5. First Aid Kit, The Lion’s Roar. The second album from Swedish sisters Klara and Johanna Söderberg, barely into their 20s, arrived at the beginning of the year. Reviewed by me earlier here, it’s a pitch-perfect concoction of dreamy Americana, draped, carefully, in the cloak of melancholia.
4. Metz, Metz. The talk of the town at this year’s CMJ – see my review earlier here – the trio from Toronto produce a torrent of visceral noise fuelled by the adrenalin of undiluted but carefully channeled youth.

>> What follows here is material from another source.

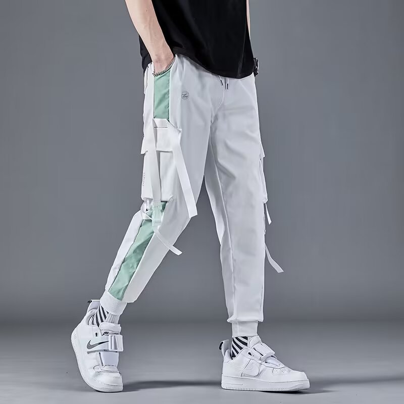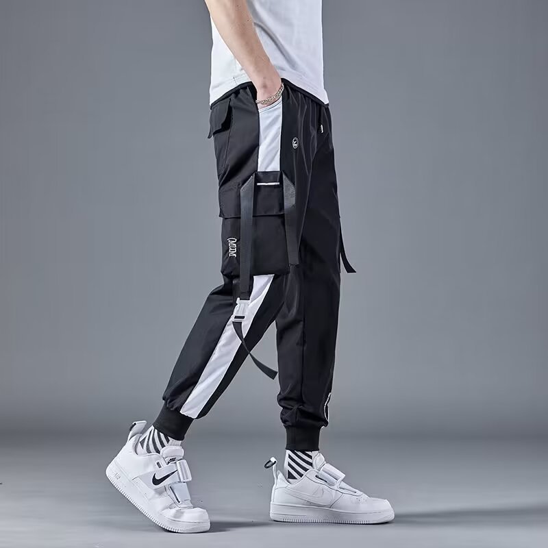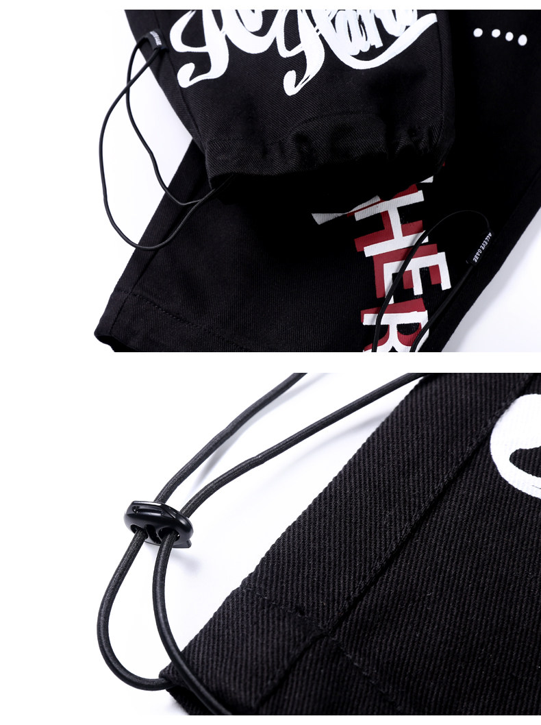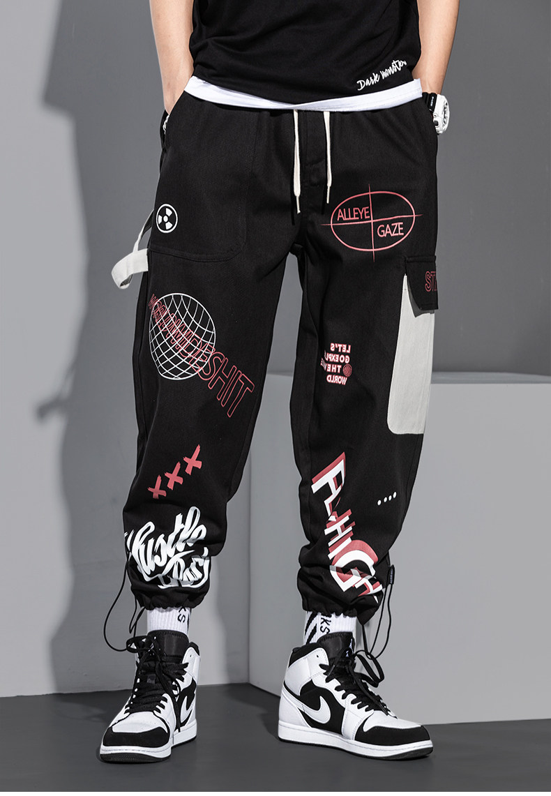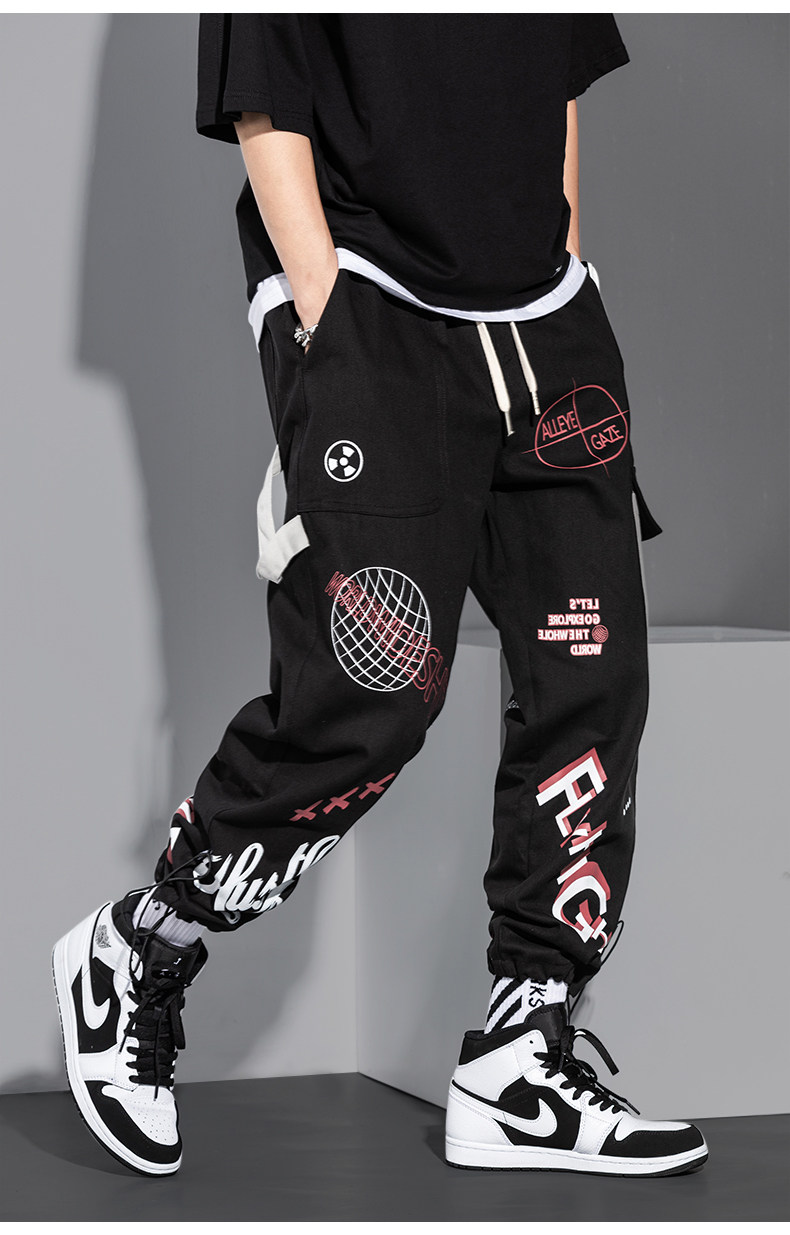 春夏季潮牌卡通字母涂鸦印花工装裤男宽松直筒休闲ins抽绳束脚裤i

3. Dexys, One Day I’m Going To Soar. News that Kevin Rowland and Dexys were about to resurface with a new album and an accompanying tour was met, understandably, with skepticism and trepidation. Remarkably, as I reported earlier here, both were a minor sensation. A glorious and painfully honest album that continues to glow.

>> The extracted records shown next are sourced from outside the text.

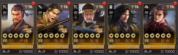推荐阵容一:卢植+张角+吕布+张梁+张宝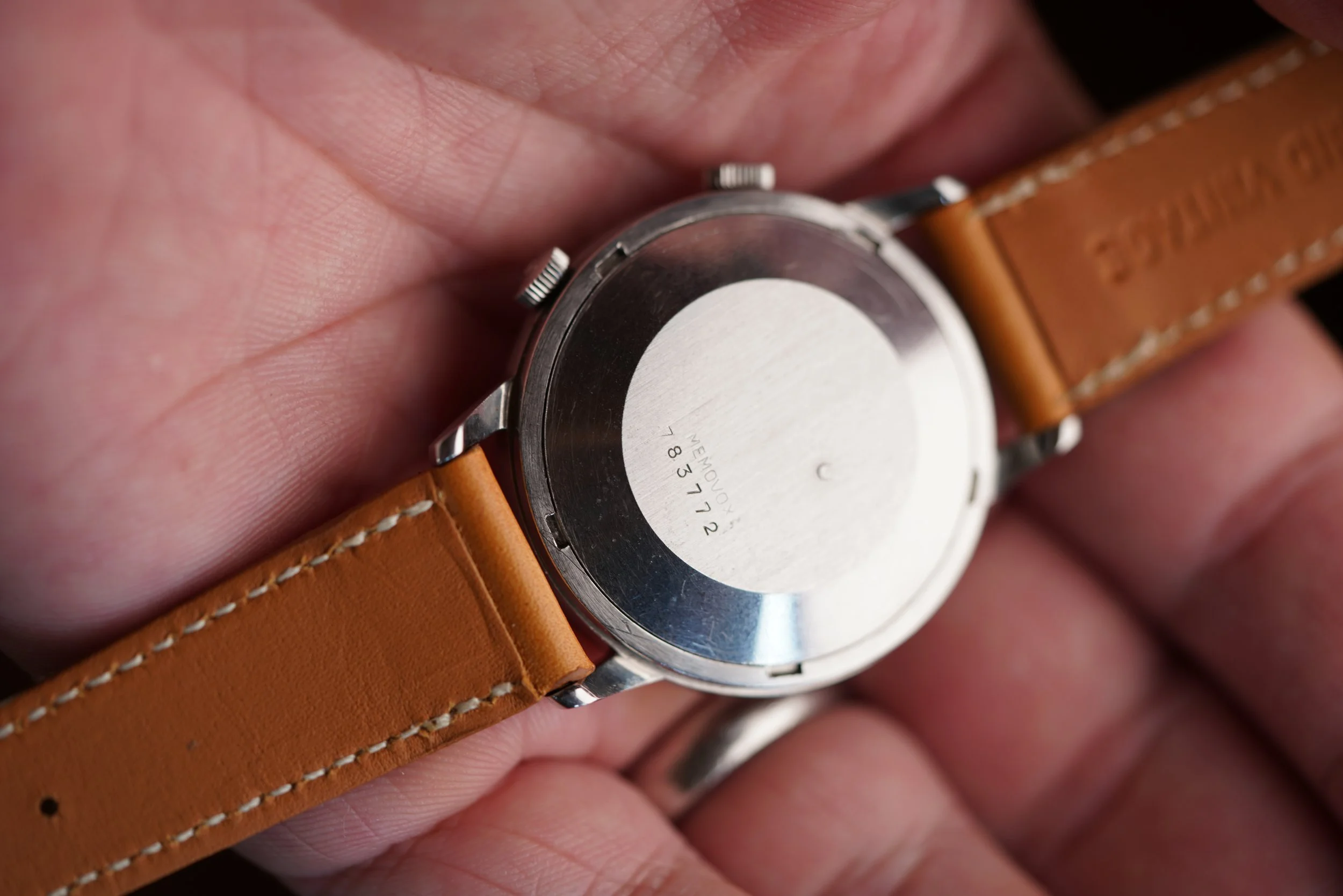 Along with the Atmos clock and Reversos, Jaeger-LeCoultre’s advancements in alarm timepieces throughout the 20th century are certainly one of the most iconic genres from the Le Sentier manufacturer. Perhaps the quintessential Memovox is the reference E 855 from the 1960s. The reference’s “E” stands for Etanche, which indicates the case is a water-resistant model.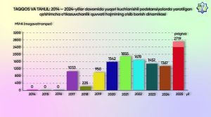 TAQQOS VA TAHLIL: 2014–2024-yillar davomida yuqori kuchlanishli podstansiyalarda yaratilgan qo‘shimcha o‘tkazuvchanlik quvvati hajmining o‘sib borish dinamikasi (MVA — megavolt•amper hisobida, to‘la quvvat)

2. Frank Ocean, Channel Orange. In an ever so slightly disappointing year, this is the one album on everyone’s end of year list. Reviewed by me earlier here, this is as lyrically complex as it is musically sophisticated. And its genre-hopping confidence suggests that an heir to the regal Prince might finally have emerged.

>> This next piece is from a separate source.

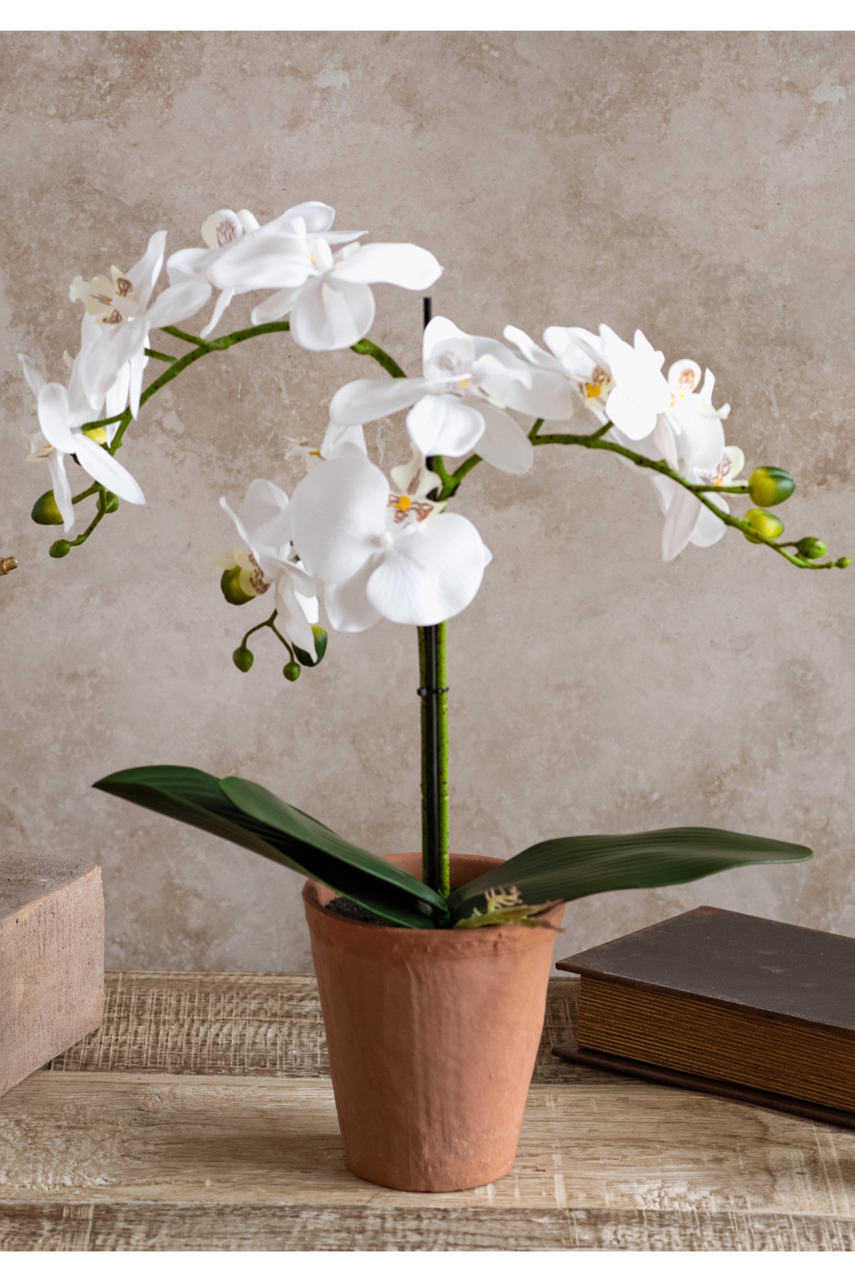 Bring timeless elegance to any space with this White Orchid Terra Cotta Pot. Handcrafted from natural terra cotta, it combines classic charm with practical functionality.

1. Katie Kim, Cover & Flood. When this album came out last February it somewhat slipped under the radar. Which is most unfair as, as I wrote in my earlier review here, Katie Kim pulls off the significant feat of being as remarkable in the studio as she is on stage. And this, her second album, is a hauntingly evocative work that conjures up an impressively moody dreamscape.